*** Opening of Provided data ***
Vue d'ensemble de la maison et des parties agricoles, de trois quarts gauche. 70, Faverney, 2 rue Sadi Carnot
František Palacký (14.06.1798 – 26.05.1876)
*** Close of Provided data ***
*** Opening of Provided data ***
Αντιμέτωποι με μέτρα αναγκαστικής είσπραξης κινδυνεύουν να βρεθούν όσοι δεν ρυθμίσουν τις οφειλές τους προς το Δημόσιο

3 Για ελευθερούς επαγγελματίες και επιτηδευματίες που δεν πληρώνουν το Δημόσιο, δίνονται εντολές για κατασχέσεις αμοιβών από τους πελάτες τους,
*** Close of Provided data ***
*** Opening of Provided data ***
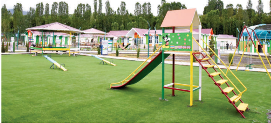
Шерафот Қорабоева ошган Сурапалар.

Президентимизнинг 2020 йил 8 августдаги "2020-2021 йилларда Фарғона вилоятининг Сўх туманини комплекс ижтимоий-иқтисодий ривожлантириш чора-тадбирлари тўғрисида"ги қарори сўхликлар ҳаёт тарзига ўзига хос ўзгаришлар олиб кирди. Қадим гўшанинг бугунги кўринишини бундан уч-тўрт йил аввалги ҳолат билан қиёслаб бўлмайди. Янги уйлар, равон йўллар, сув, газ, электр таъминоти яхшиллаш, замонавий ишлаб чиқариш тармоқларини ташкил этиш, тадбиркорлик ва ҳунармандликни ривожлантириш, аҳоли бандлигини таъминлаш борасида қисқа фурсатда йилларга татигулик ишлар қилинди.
*** Close of Provided data ***
▶ [Exercise brief]: In the material above, how many lines include the word "Δημόσιο"? Answer with the number only.

▶ [Task answer]: 2